Other adjustments made by respondent in the notice of deficiency are purely

mechanical.

Background

Some of the facts have been stipulated, and they are so found. We

incorporate by reference the parties’ stipulation of facts and accompanying

exhibits.

Petitioner Said H. Koriakos (petitioner) and petitioner Nargis G. Koriakos

(Mrs. Koriakos), collectively “petitioners”, resided in the State of Florida at the

time that the petition was filed with the Court.

Petitioners’ Professional and Business Backgrounds

Petitioner’s first job in the United States was as a financial examiner for the

Colorado State Insurance Department (department).
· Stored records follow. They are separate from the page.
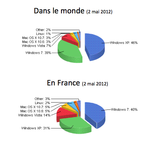 Pour rappel l’année dernière (mai 2011) Windows 7 et Windows XP étaient à égalité à 33% chacun en France.
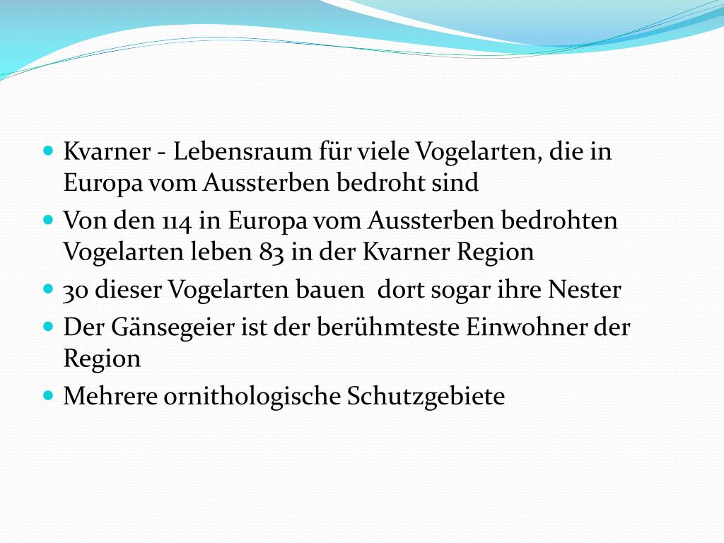 Kvarner - Lebensraum für viele Vogelarten, die in Europa vom Aussterben bedroht sind • Von den 114 in Europa vom Aussterben bedrohten Vogelarten leben 83 in der Kvarner Region • 30 dieser Vogelarten bauen dort sogar ihre Nester • Der Gänsegeier ist der berühmteste Einwohner der Region • Mehrere ornithologische Schutzgebiete
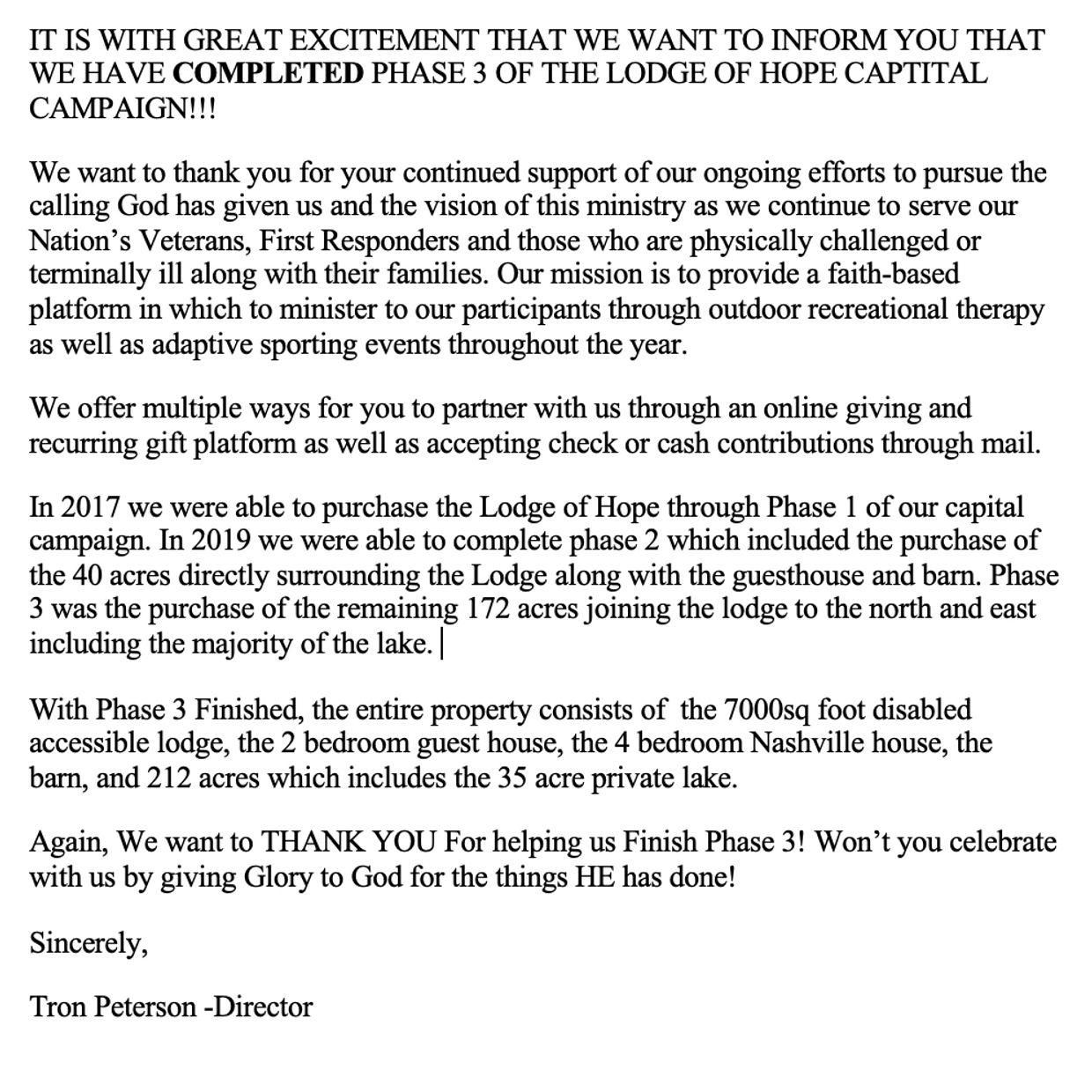 The Lord has been mighty in his blessings and goodness to get us to the point we are today! Everything that has been accomplished has been done entirely through donations! Including the sponsorship of 40 - 45 events per year, to the purchasing of the first 2 phases of the 200 acre Lodge of Hope property, the finishing of the Lodge, and most recently completing the Nashville House. Faith most certainly does move mountains!!
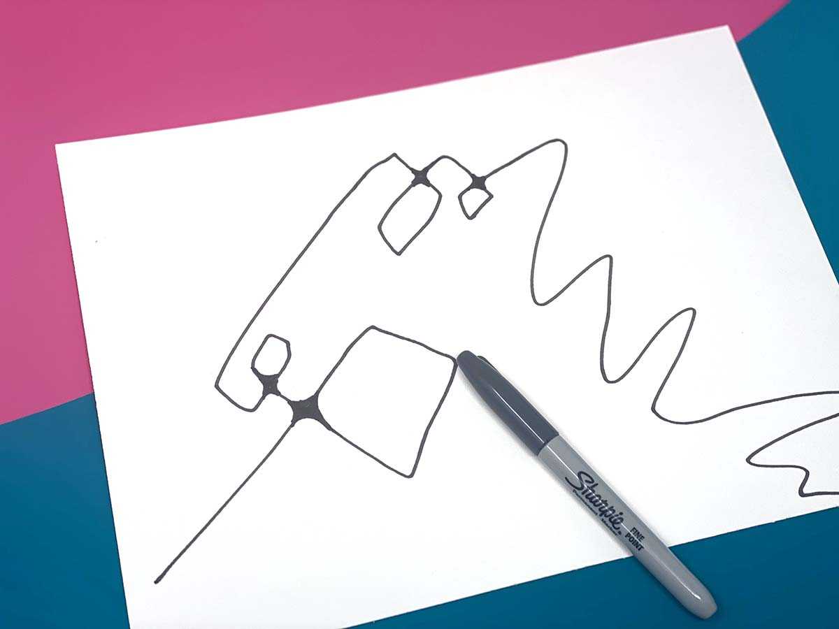 - Начертите на листе нейрографическую линию — ведите ее в течение 5-10 секунд.

While in that position,

petitioner became licensed as a certified public accountant (C.P.A.) by the State of

Colorado in 1983. Petitioner allowed his C.P.A. license to become inactive when -4-

he resigned from the department in 1984. However, petitioner has continued to

hold himself out as a C.P.A. on his business cards without regard to the status of

his license.

From 1984 to 1987 petitioner worked for Warren Buffett at Berkshire

Hathaway, where petitioner “built all my expertise”.

In 1987 petitioner ventured out on his own as a business turnaround

specialist, focusing primarily on insurance companies. As a turnaround specialist,

petitioner offers his services, either as an employee or as an independent

contractor, to “take care of whatever problems * * * [a company] might have, turn

it around, have it ready for sale or hire the staff to move on and do something

else.” From 1987 through the date of trial petitioner’s principal income-producing

activity has been as a turnaround specialist.

In 1990 petitioner earned a master’s degree in business administration

(M.B.A.).

In addition to being a C.P.A. and holding an M.B.A., petitioner is licensed

as a real estate broker in Arizona and Florida. Mrs. Koriakos is licensed as a real

estate salesperson in Arizona. Together petitioners own St. Mary Realty &

Business Brokerage, an unincorporated business in Arizona that was sited in

petitioners’ home in Fountain Hills, Arizona. -5-

Petitioner’s Employment at Student Resources in Florida

In late 2004 or early 2005, at a time when petitioners were living in a suburb

of Phoenix, Arizona, petitioner was contacted by Student Resources, a healthcare

insurance division of The Mega Life & Health Insurance Co., that was

hemorrhaging money. Petitioner was hired to “turn around this division, make it

profitable so they can sell it, and leave when it’s over.” Petitioner’s employment

with Student Resources was expected to last 2½ years, or until June 30, 2007.

On January 17, 2005, petitioner began working on a full-time basis as

controller for Student Resources at its office in St. Petersburg, Florida. To

facilitate his employment, petitioner entered into a condominium lease on

February 1, 2005, for an apartment in Clearwater, Florida, a suburb some 20 miles

away, at the Sand Key Club Condominium. Petitioner resided in this apartment

throughout his employment with Student Resources in St. Petersburg, and he

commuted to and from work by automobile. Periodically petitioner would fly to

Arizona to visit Mrs. Koriakos and his family; when he was unable to do so, Mrs.

Koriakos would fly to Florida and generally stay the week.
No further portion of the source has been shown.